Ainsi il voulut bien, dans ce cas d’exception, céder l’insigne honneur de présenter la serviette, prérogative à laquelle il tenait beaucoup sans doute, mais à laquelle certainement les mêmes personnes, qui devaient bientôt s’opposer à ses désirs académiques comme à une dérogation, attachaient un souverain prix. Ce sont là des signes qui parlent plus haut que tous les raisonnements. Déracinez donc, si vous le pouvez, de telles idées inhérentes à un régime, sans détruire ce régime de fond en comble ! Qu’une société, hélas ! a de peine à passer sans secousse d’un règne moral à l’autre, et que ceux qui essayent d’établir des pentes insensibles, des transitions graduelles, sont les malvenus ! Combien, si l’on n’y prend pas garde, combien, à voir toutes ces bonnes intentions imparfaites, ces velléités d’avant 89 déjouées et non suivies d’effet, on est tenté par moments, et en désespoir de cause, de donner raison aux Chamfort !

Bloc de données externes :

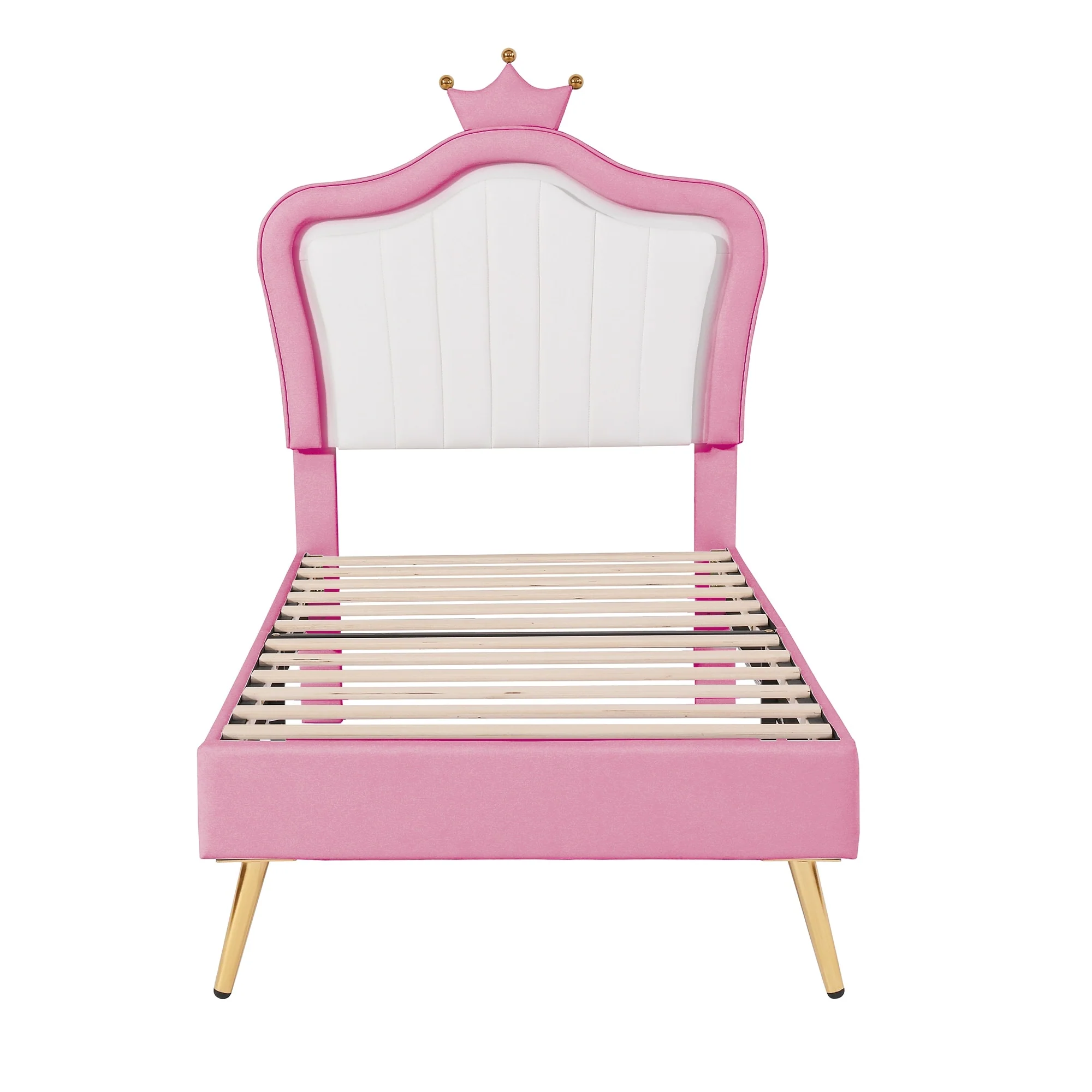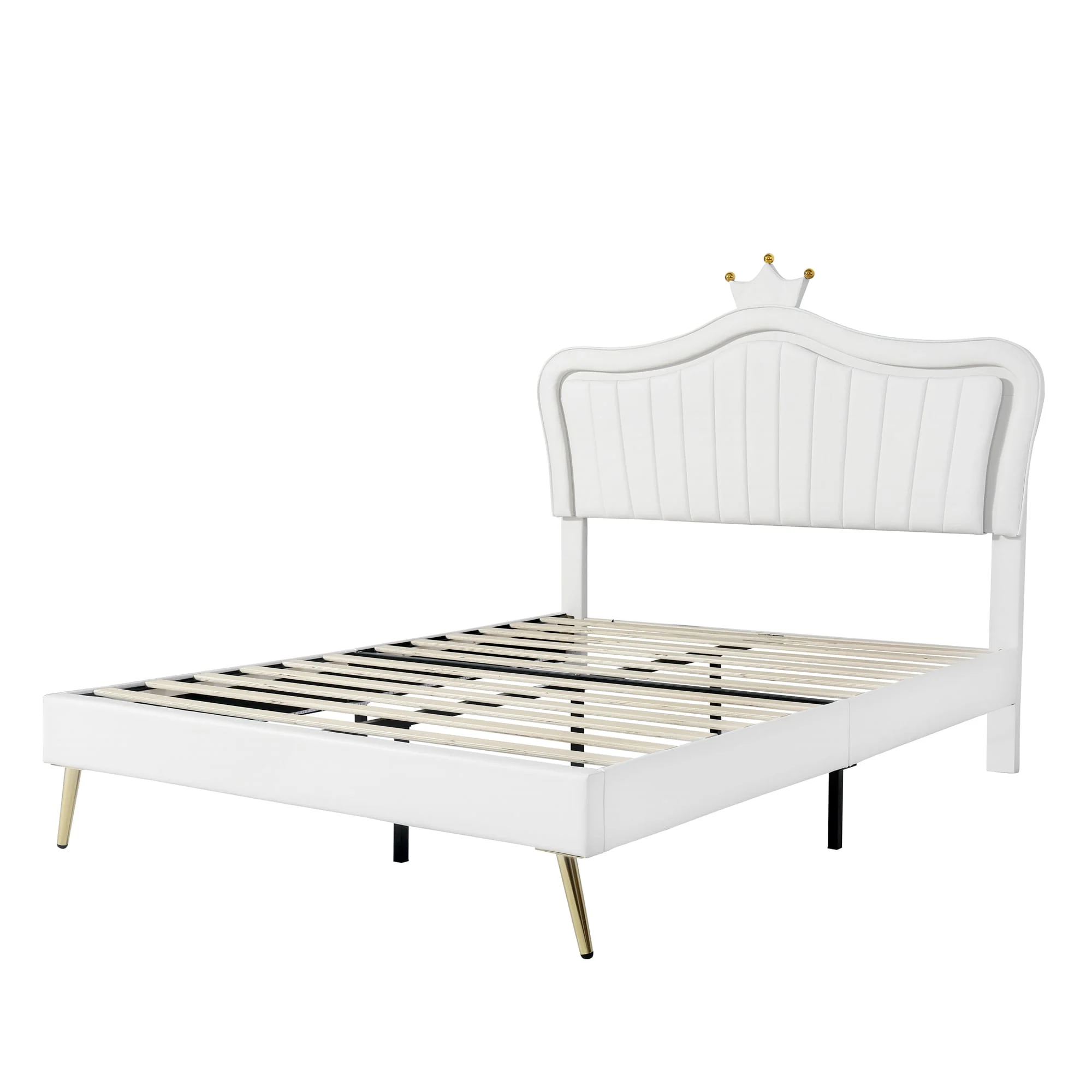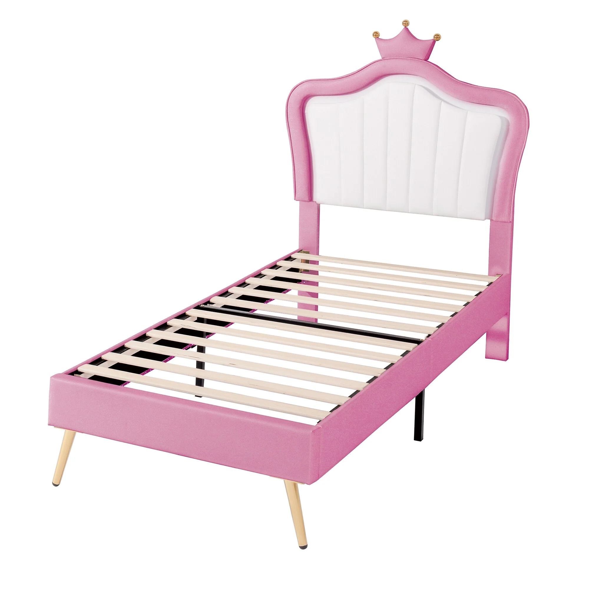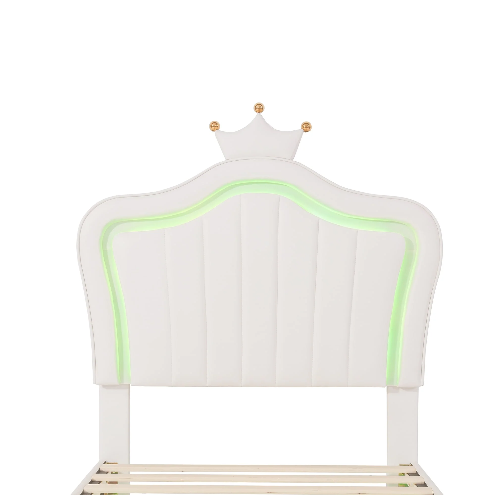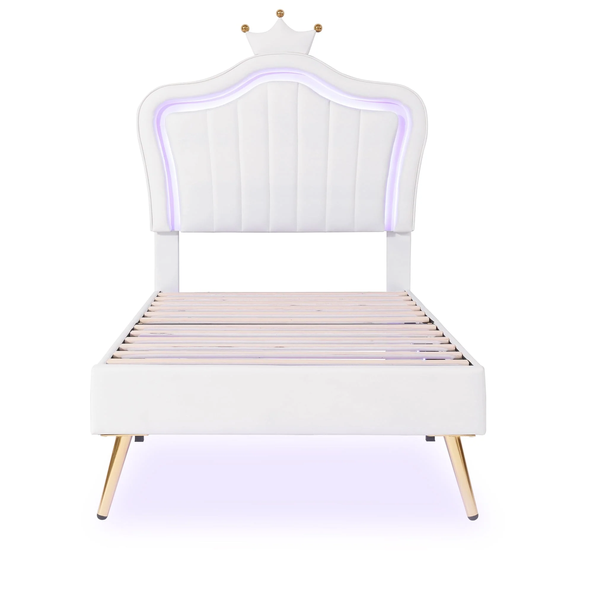 [Crown Headboard Design] The headboard of this princess platform bed is crown shape. It is so cute that you will love it.It masterfully blends with all styles of home decoration, and helps to complete and enhance the look of any bedroom.The height of the head of the bed can be adjusted in 2 levels, 52.8'-55.2'.[LED Bed Frame] The LED lights can be controlled by remote control with a variety of colors and light modes to choose from.Can easily add a romantic vibe to your bedroom.[Solid & Sturdy] The bed frame is made of solid MDF and Plywood, come with metal feets,providing a dense and strong support for up to 350lbs. The construction ensures both a lifetime of use, and a sturdy bed frame with a head which won't wobble.[No-Noise Design] Velcro slats design, simplify the installation steps of the slats and offer stability between slats and foundation to eliminate the friction noise from the root cause.So there is no need to worry about squeaking when you roll over at midnight.[Dimensions] Overall Dimension: 77.2 x 42.9 x 52.8-55.2 inches (L x W x H) . Suitable for mattress Twin size(Mattress is not included) Weight capacity: 350lbs.

Le prince, bonhomme au fond, associait en lui bien des contradictions qu’il ne démêlait pas. La même année qu’il prétendait à un siège à l’Académie et qu’il ambitionnait d’appeler confrères les gens de lettres, il méconnaissait ce qu’il y a de sérieux dans les Lettres mêmes et ce qui leur confère le seul caractère sans lequel elles resteraient à jamais futiles. Et ici c’est d’Argenson qui nous renseigne :
« Avril 1753. — Jean-Jacques Rousseau, de Genève, auteur agréable, mais se piquant de philosophie, a dit que les gens de lettres doivent faire trois vœux : pauvreté, liberté, vérité. Cela a indisposé le Gouvernement contre lui. Il a témoigné ses sentiments dans quelques préfaces ; sur cela, on a parlé de lui dans les Cabinets, et le roi a dit qu’il ferait bien de le faire renfermer à Bicêtre ; S. A. S. le comte de Clermont a encore ajouté que ce serait bien fait de l’y faire étriller. »
Un tel méchant propos ressemble peu au prince. Quoi ! Monseigneur, traiter Jean-Jacques comme le poëte Roy, faire bâtonner l’un et l’autre en moins d’une année ; mais y pensez-vous bien ? — Même en laissant le propos du comte-abbé pour ce qu’il est, c’est-à-dire pour une légèreté malheureuse, il demeure très grave et à sa charge : de tels mots, qui partent sans réflexion, jugent ceux auxquels ils échappent. Il en résulte bien nettement que ce prétendu académicien n’était que frivole ; qu’il ne concevait les gens de lettres que comme des amuseurs, tout au plus comme des professeurs d’élégance, et que, dès qu’il leur arrivait de penser un peu ferme, il ne les avouait plus.
Il me reste encore à dire. Cette fois le comte de Clermont nous laisse sur l’impression la plus désagréable, et pour ceux qui trouveraient qu’il nous arrête bien longtemps, je ferai observer que c’est moins un homme en lui qu’un régime que nous étudions.